High-rise buildings (HRBs) are considered one of the most common structures nowadays due to the population growth, especially in crowded towns. The lack of land in crowded cities has led to the convergence of the HRBs and the absence of any gaps between them, especially in lands with weak soil (e.g., liquefaction-prone soil), but then during earthquakes, these structures may be exposed to the risk of collision between them due to the large increase in the horizontal displacements, which may be destructive in some cases to the one or both of these adjacent buildings. To evaluate methods of reducing the risk of collision between adjacent twin HRBs, this research investigates three vibration control methods to reduce the risk of collision due to five different earthquakes for the case of two adjacent reinforced concrete (RC) twin high-rise buildings of 15 floors height without gap distance between them, founded on raft foundation supported on piles inside a liquefaction-prone soil.
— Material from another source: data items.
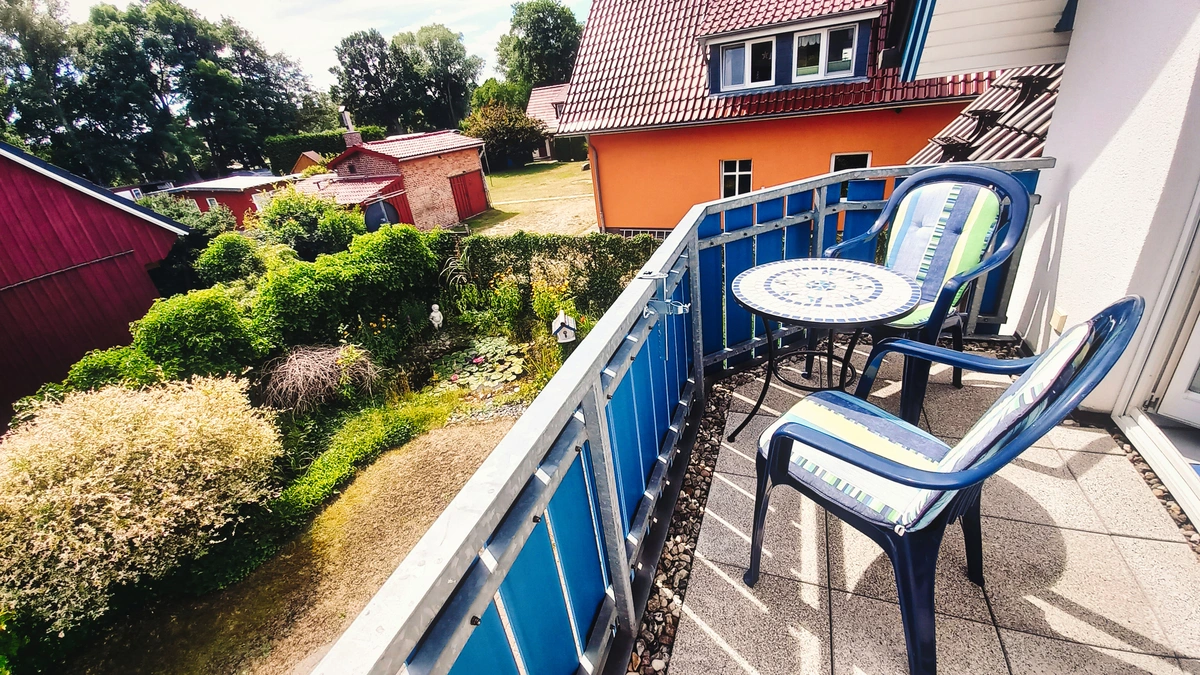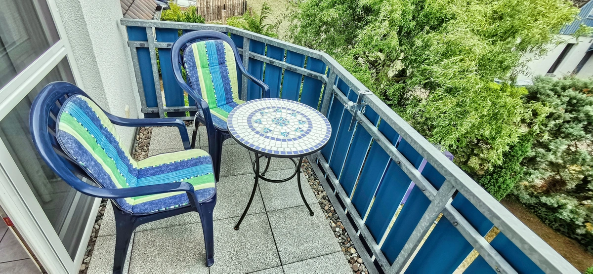 Auf dem südlich gelegenen Balkon stehen Gartenmöbel zur Verfügung.
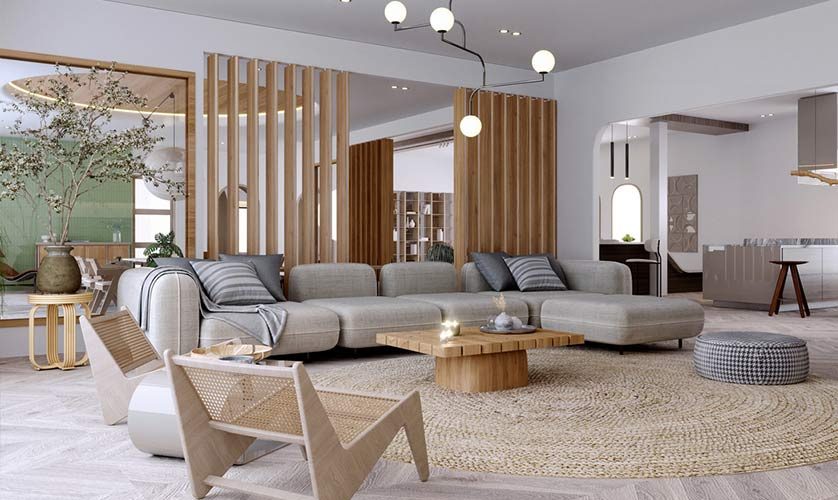 Wide-open layouts with subtle zones, using partial walls or furniture to define spaces without closing off flow—perfect for entertaining in our social culture.
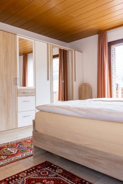 Im geräumigen Schlafzimmer erwartet Sie ein kuscheliges Doppelbett, ein großzügiger Kleiderschrank, eine Kommode und Nachttische, die Ihnen viel Platz und Komfort bieten. Auch von hier aus haben Sie direkten Zugang zur großen Balkonanlage, die den Zauber des Außenbereichs noch näher bringt.
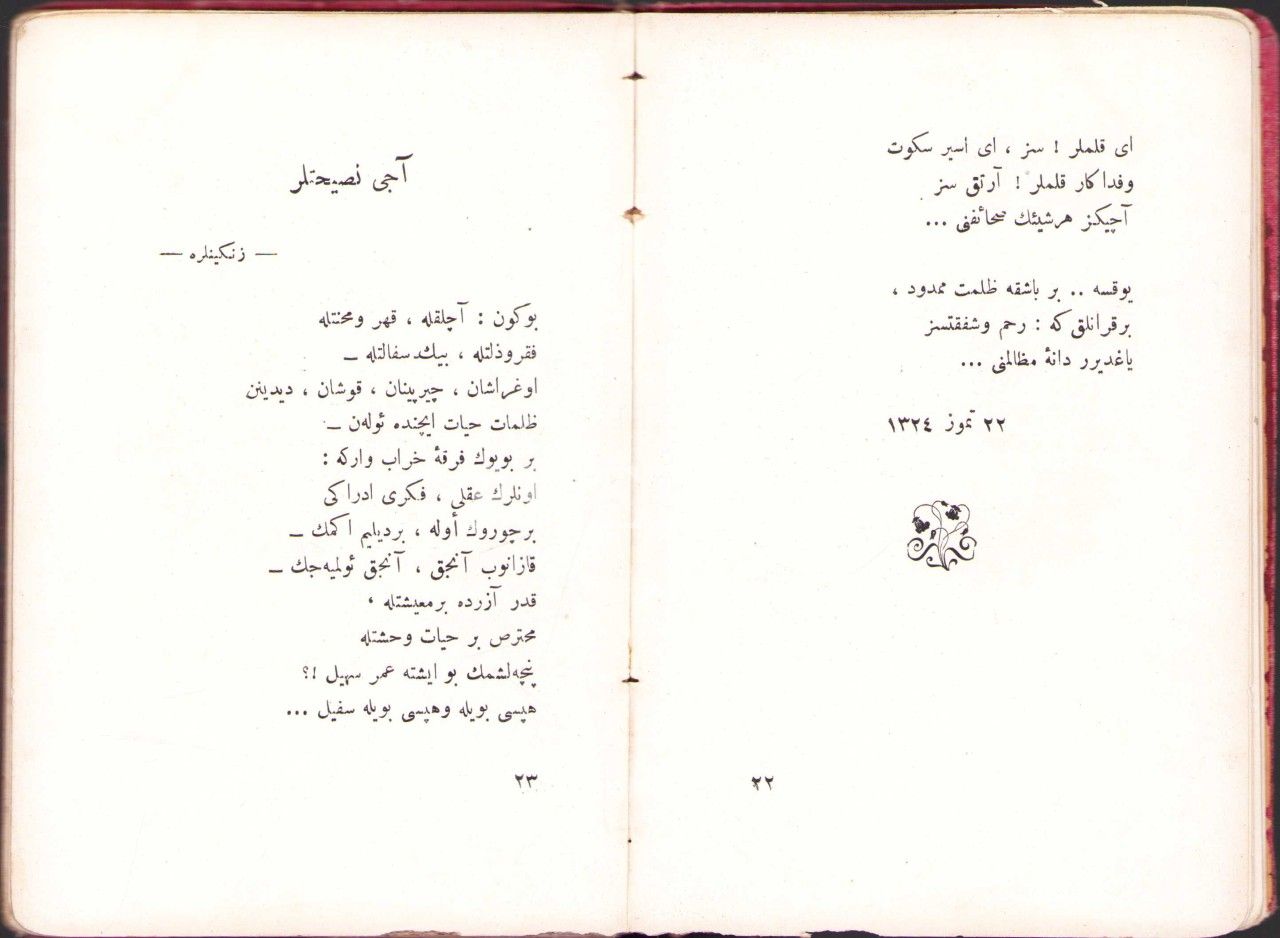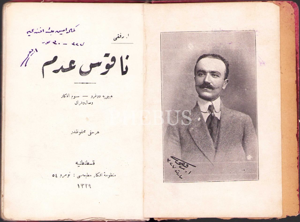 Ahmet Rıfkı'dan İthaflı ve İmzalı Osmanlıca "Nakûs-ı Adem" Şiir Kitabının İlk Baskısı, Konstantiniyye Manzume-i Efkar Matbaası 1329, 95 sayfa, cilt yüzeyi, sırtı ve kenarları yıpranmış haliyle, 12x18 cm
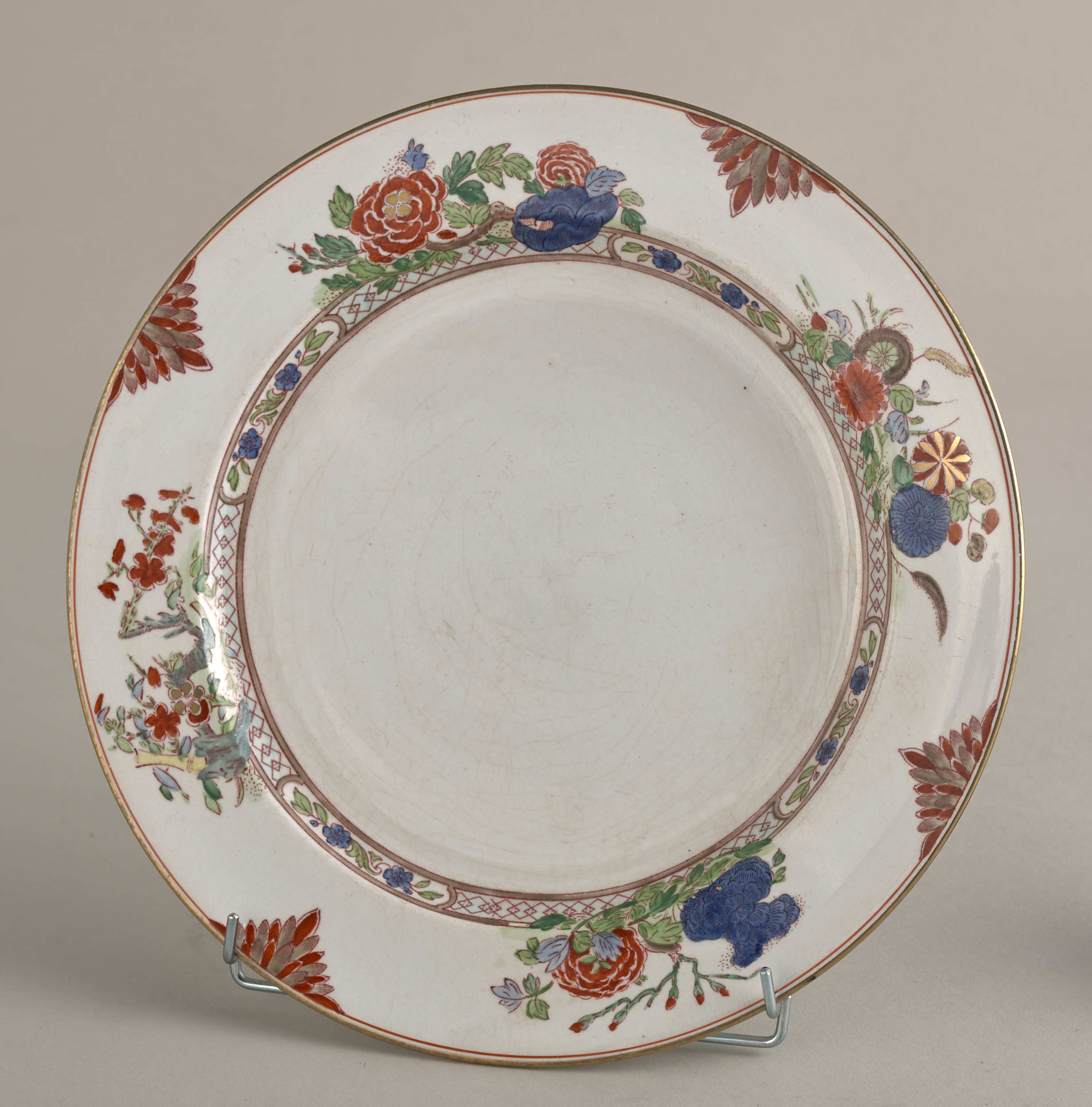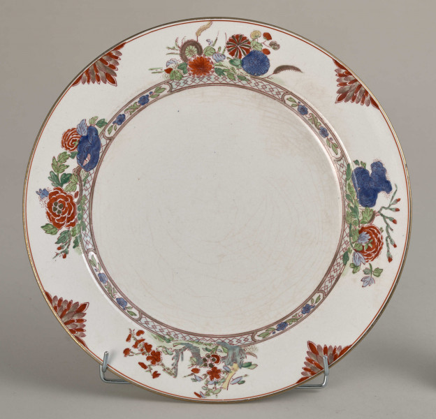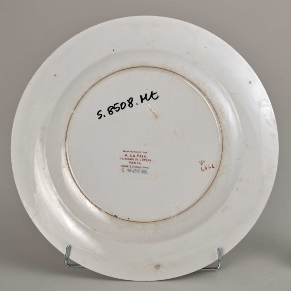Dinner plate, faience with a slightly cream shade, covered with a grid of decorative glaze cracks, decorated with paintings in the Far Eastern type with floral and geometric motifs concentrated in the lip part. A detailed drawing of the decoration pattern is printed in purple and - on the enamel - hand-painted with paints in several colours: rusty red, dark blue, green, and sand-beige. Less used colours are light blue, steel green, celadon and yellow. This decoration consists of a strip of geometric ornament with a rhombus motif, running just below the edge of the indentation, then four large floral and plant compositions- one of them with the motif of a broken bush, arranged on the lip of the plate, close to the strip of ornament. These compositions are separated by leafy semi-rosettes. Gold is found only on the strip that laminates the edge of the lip and on small elements of three flowers in large compositions. The back of the plate is covered with gray spots under the enamel. Visible markings: in the central point the letter "B", factory reference number "BOOTHS" – both stamped in mass- and a large seal printed under glazed in burgundy colour: "MANUFACTURED FOR:/A.LA. PAIX,/34.AVENUE DE L'OPERA, /PARIS./IMPORTE D'ANGLETERRE". Under it, there is an inscription with the current inventory number. England, Hanley, nineteenth century.

Contact pounding elements between the two buildings (distributed at all floor levels and at the raft foundation level) are used to make the impact strength between the two buildings realistic. The mitigation methods investigated are the base isolation, the tuned mass damper (TMD) method (using traditional TMDs), and the pounding tuned mass damper (PTMD) method (using PTMDs connected between the two buildings). The results show that the PTMD method between the two adjacent RC twin high-rise buildings is more efficient than the other two methods in mitigating the earthquake-induced pounding risk.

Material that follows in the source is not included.